Texas N. O. R. Co. v. Greer

117 S.W.2d 148, 1938 Tex. App. LEXIS 1144, 1938 WL 64019
CourtCourt of Appeals of Texas
DecidedApril 20, 1938
DocketNo. 8713.
StatusPublished
Cited by7 cases

This text of 117 S.W.2d 148 (Texas N. O. R. Co. v. Greer) is published on Counsel Stack Legal Research, covering Court of Appeals of Texas primary law. Counsel Stack provides free access to over 12 million legal documents including statutes, case law, regulations, and constitutions.

Bluebook
Texas N. O. R. Co. v. Greer, 117 S.W.2d 148, 1938 Tex. App. LEXIS 1144, 1938 WL 64019 (Tex. Ct. App. 1938).

Opinion

McClendon, justice.

Plaintiffs in error, to whom we will refer as appellants, are a number of rail and other carriers who intervened in a suit by Greer to set aside an order of the Railroad Commission. The appeal of Greer is this day decided in Greer v. Railroad Commission et al., Tex.Civ.App., 117 S.W. 142, to the opinion in which we refer. Appellants, by their intervention, sought to set aside or annul Greer’s special commodity permit issued February 16, 1932, on the ground that it was issued without notice or hearing. Grfeer’s suit was filed October 21, 1933. Appellants’ intervention was filed October 8, 1936. Greer urged by exception a plea of the statute of limitations of four years against the petition in intervention. The court reserved its ruling upon the plea until the trial upon the merits was concluded; at which time the plea was sustained and the intervention dismissed.

Appellants' brief is largely devoted to questions involved in the issue whether notice and hearing are essential prerequisites to the granting of special commodity permits under Vernon’s Ann.Civ.St. Art. 911b, § 6(d). While these questions are very important and their presentation is very able and thorough, we deem it unnecessary to decide them, since the controlling question in this appeal is whether the court properly sustained the plea of limitation. For the purposes of this appeal we assume that notice and hearing were essential to the validity of Greer’s permit.

Appellants’ intervention was either a direct attack upon the order granting the permit under the right of appeal given by Art. 911b, § 20; or it was a collateral attack upon that order. We are strongly inclined to the view that it was the former. However, we will consider the question of limitations from both viewpoints.

Unless the statute of limitations was tolled, or was inapplicable under one or *150 more of the ground's urged by; appellants, and considered below, the intervention was barred by the four years’ statute of limitations (R.S. Art. 5529), whether the intervention be held a direct or collateral attack, for the following reasons:

1. If a direct attack, appellants’ cause of action, predicated upon the statutory right of appeal from the Commission’s order granting the permit (Art. 911b, § 20), arose when the order was passed, February 16, 1932, and the four-year bar was completed February 16, 1936. The intervention was not filed until over seven months later.

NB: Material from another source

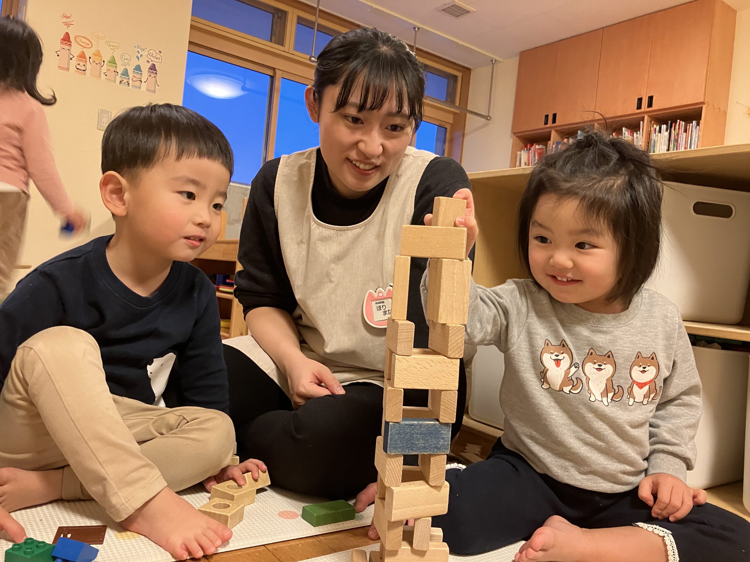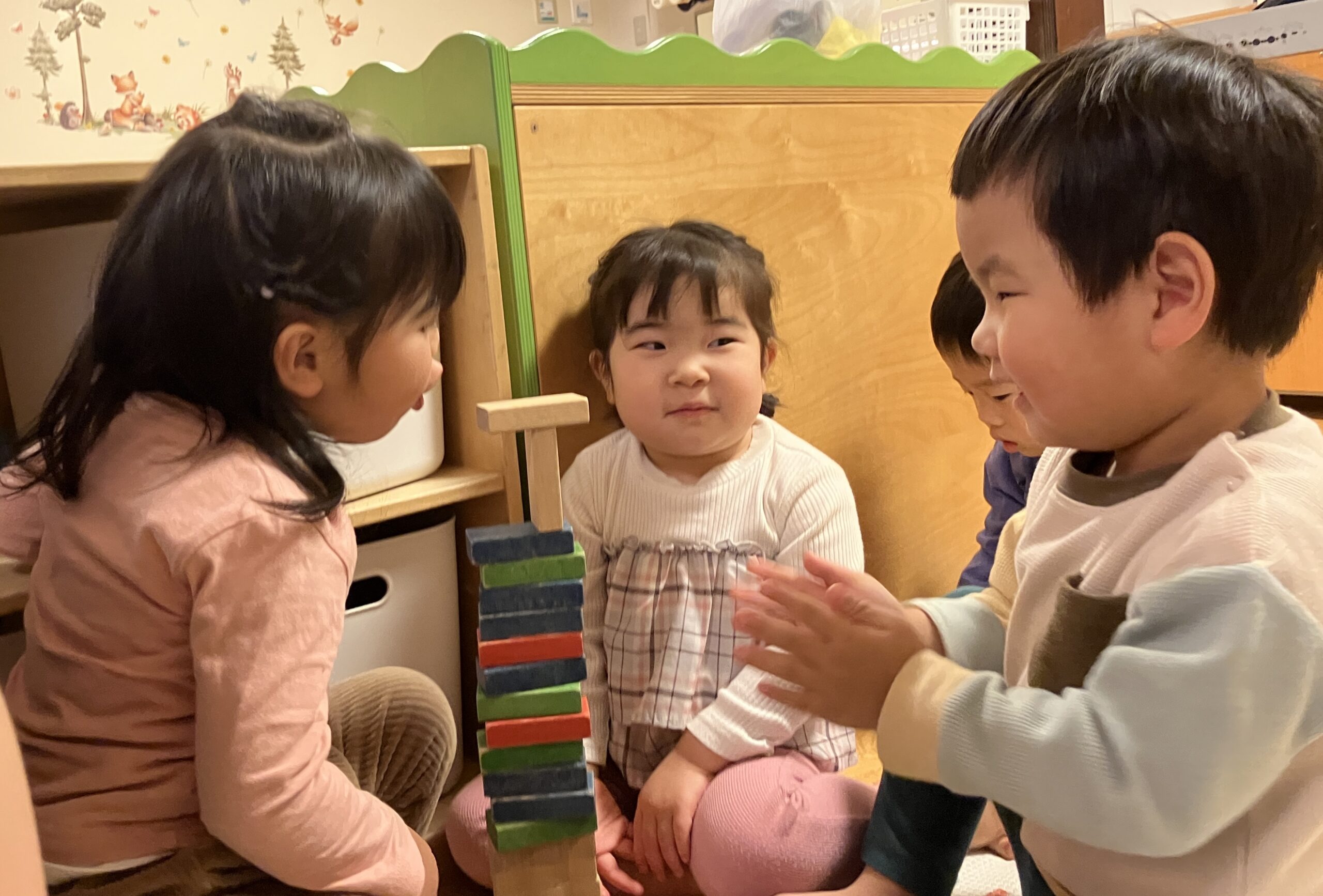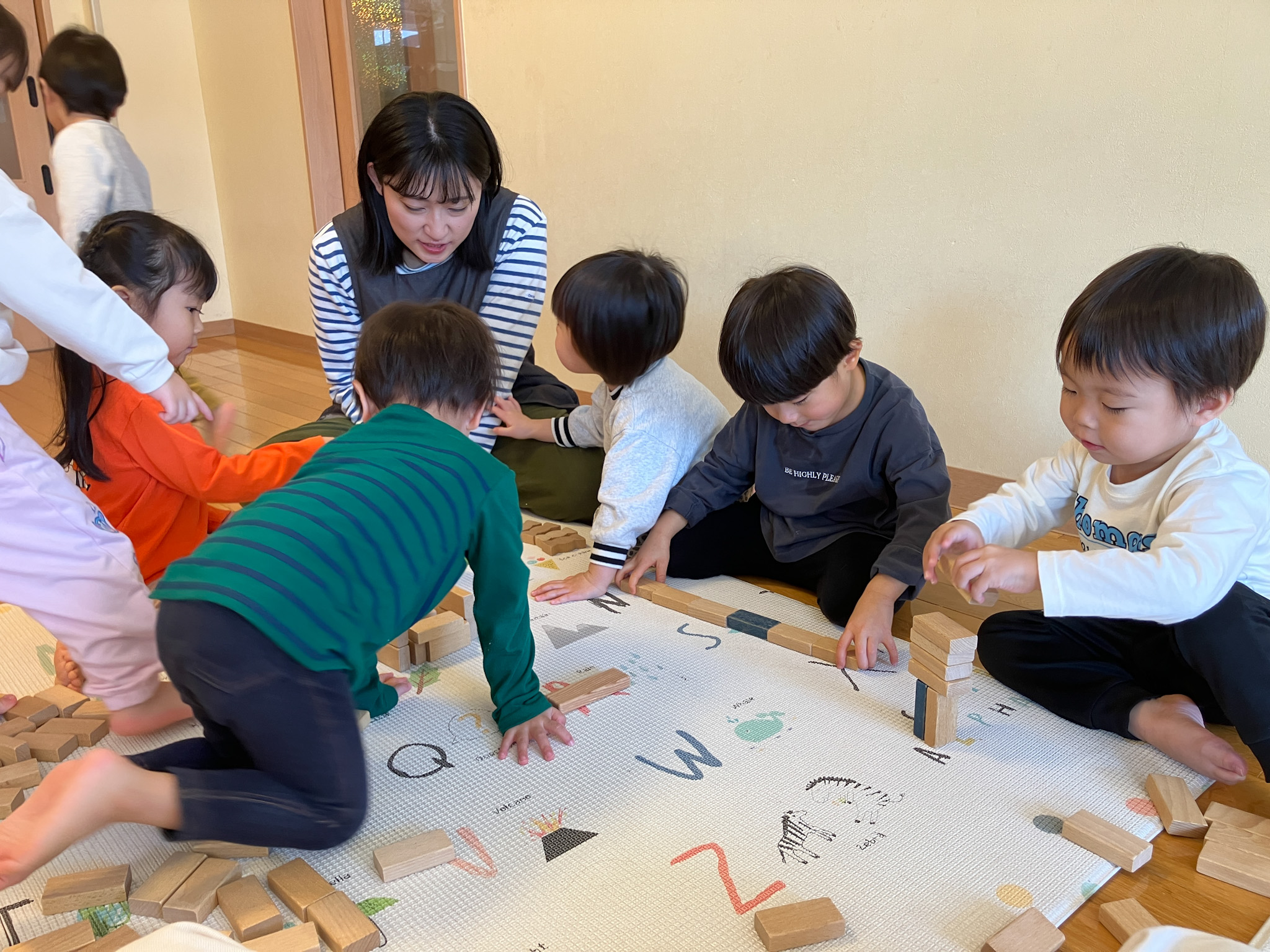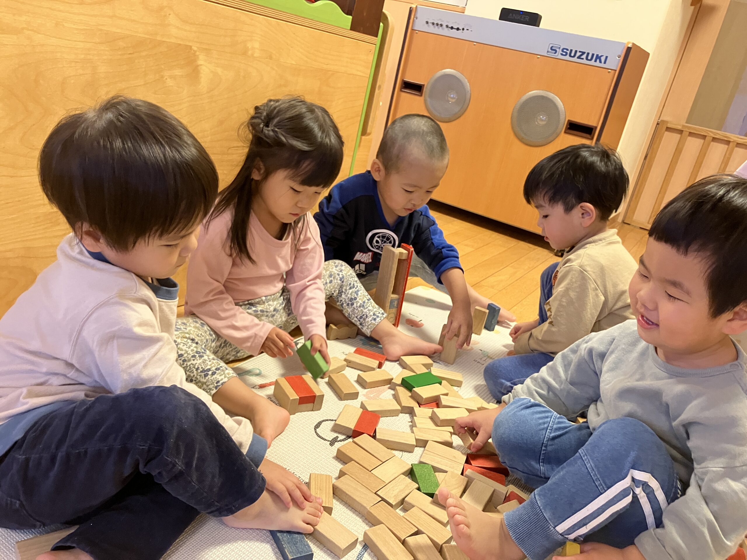お花組さんにある積み木の玩具を借りて、積み木遊びをしました。上に高く積み上げ、倒れても何度も積み上げなおし、協力してお友達と城を作ってみたり、床に1個づつ並べ、ドミノ倒しをして楽しんでいました。キャンディーの形の積み木や色のついた積み木を集めてお菓子屋さんとして楽しむ子もいましたよ!

2. If the attack was collateral, appellants’ cause of action arose when Greer began an adverse user under the permit. The record shows in this regard that such adverse user began and has existed continuously since the date of the permit, February 16, 1932.

The grounds upon which appellants urge that the statute was tolled or was not applicable follow:

1. The permit “being void for failure to observe the statutory steps (notice and hearing), it was not controlled by limitation, but could be attacked at any time.”

2. “The permit, bearing on its face the limitations that it remain in effect from and after its date, subject to the provisions of the statute; the further orders of .the Commission and the rules and regulations of the Railroad Commission of Texas heretofore prescribed, or which may be hereafter prescribed, is continuing in its nature, and not susceptible to the plea of limitation.

3. “Limitation did not and could not run in favor of defendant against inter-veners, defendant not having invoked it.”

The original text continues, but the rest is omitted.